A Strong Start To July

Market TalkThursday, Jul 1 2021
Pivotal Week For Price Action

It’s a strong start to July with refined products rallying more than a nickel in the early going, and crude oil prices reaching fresh 2.5 year highs. The OPEC meeting is underway and will likely create some volatility today as rumors start trickling out of the meeting ahead of the official announcement. 

Tropical storm Elsa has formed in the Atlantic, and looks like it will hit Florida early next week. It’s still early in the season so the waters haven’t reached their warmest levels yet which should keep this storm from reaching hurricane strength. The forecast cone currently keeps the storm east of the oil refining and production region of the Gulf of Mexico, and if that holds, this should not be a supply threat beyond some headaches in the ports as the storm passes. 

Wednesday’s DOE report added to the bullish sentiment for oil as US inventories saw another large decline, a 6th straight week of falling inventories, and one of the largest monthly declines on record. Total US Petroleum demand climbed for a third straight week and is holding above its seasonal average for this time of year. The exception in the report was gasoline, which saw a drop in the weekly demand estimate and a build in inventories. The DOE also reduced its gasoline demand estimates from the spring in its latest monthly update, although that’s done little to stop the rally as RBOB futures just reached their highest level in nearly 7 years in the past few minutes.

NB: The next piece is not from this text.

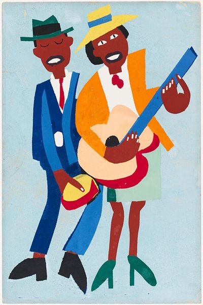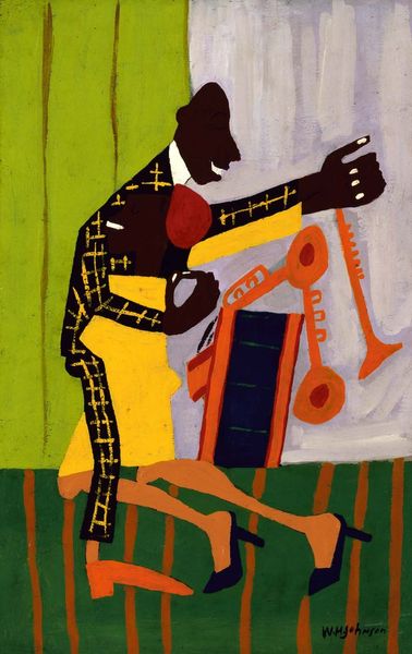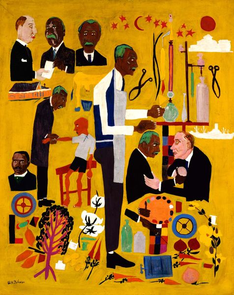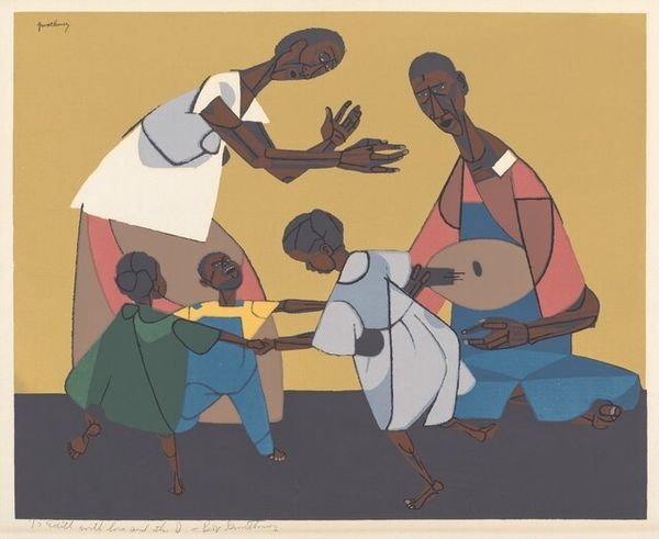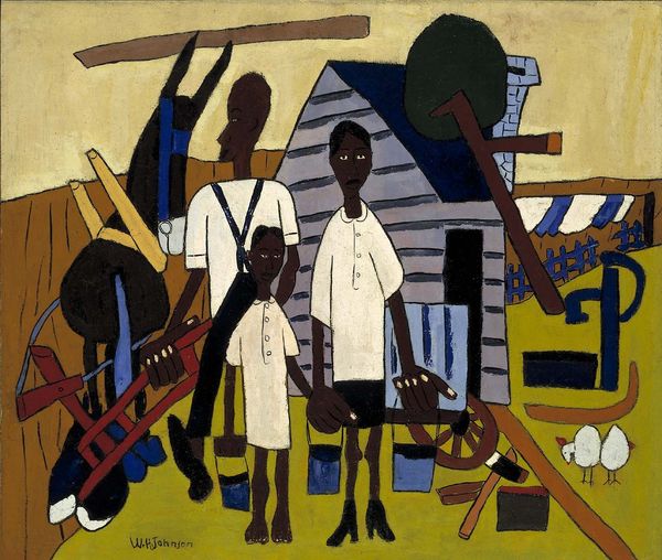 Editor: We're looking at William H. Johnson's "Farm Family - Nursing Child" from 1944. It appears to be oil paint on canvas. I’m immediately struck by its folk-art aesthetic; it’s both simple and quite powerful. What draws your eye when you look at this piece? Curator: The simplification of form and bold color choices highlight Johnson’s concern with materiality and production. Look at the roughness of the paint application, the almost crude rendering of the figures. It isn’t about illusionism, it's about the stuff of painting itself and the labor embedded in it. How do you see the composition reinforcing that idea? Editor: I guess the lack of depth contributes? It flattens the image, emphasizing the surface of the canvas and the materiality you mentioned. I was focusing on the figures themselves, on the intimacy of the nursing mother... Curator: Right, but even the intimate act of nursing isn't romanticized. The blunt shapes, the unidealized forms—they resist sentimentality. Johnson's more interested in showing the *work* of family, perhaps. The work that happens outside on a farm and in raising and caring for children. Where do you think this perspective originates for Johnson? Editor: Perhaps from his own background? From witnessing the lives of rural communities? Curator: Precisely! Think about Johnson's context during the Harlem Renaissance, and his choice to depict scenes of everyday Black life in the rural South. What statements do you believe the artist may have wanted to suggest in regard to work and class? Editor: It makes me think about how labor and lived experiences of Black families are often overlooked in mainstream art. Showing their work makes it a form of recognition, and validation? I appreciate how this challenges preconceived notions of art and labour. Curator: Indeed. Johnson's focus on material, method, and setting asks us to question the societal constructs around art itself, challenging divisions between the supposedly high art of the canvas and the overlooked labor that sustains lives.

The exception to the weaker gasoline fundamentals is the PADD 4, which has by far the fewest people and thus the least amount of gasoline of the districts and is typically ignored in the weekly statistics given its volume amounts to a rounding error. This week however it could be the canary in the coal mine for the industry as it deals with the resumption in demand following so many refinery closures in the past year. Regional inventories have dropped to their lowest levels in nearly a decade as Colorado’s sole refinery struggles through a turnaround, and 2 of the main backup options nearby are no longer operating as oil refineries.

RINs have been uncharacteristically quiet the past couple of days after the Supreme Court ruling rippled through the market Friday and Monday. That relative lack of volatility may not last long however as grain prices saw a strong rally following the USDA’s crop report which showed fewer acres planted than many reports expected, setting the stage for stronger values in the back half of the week.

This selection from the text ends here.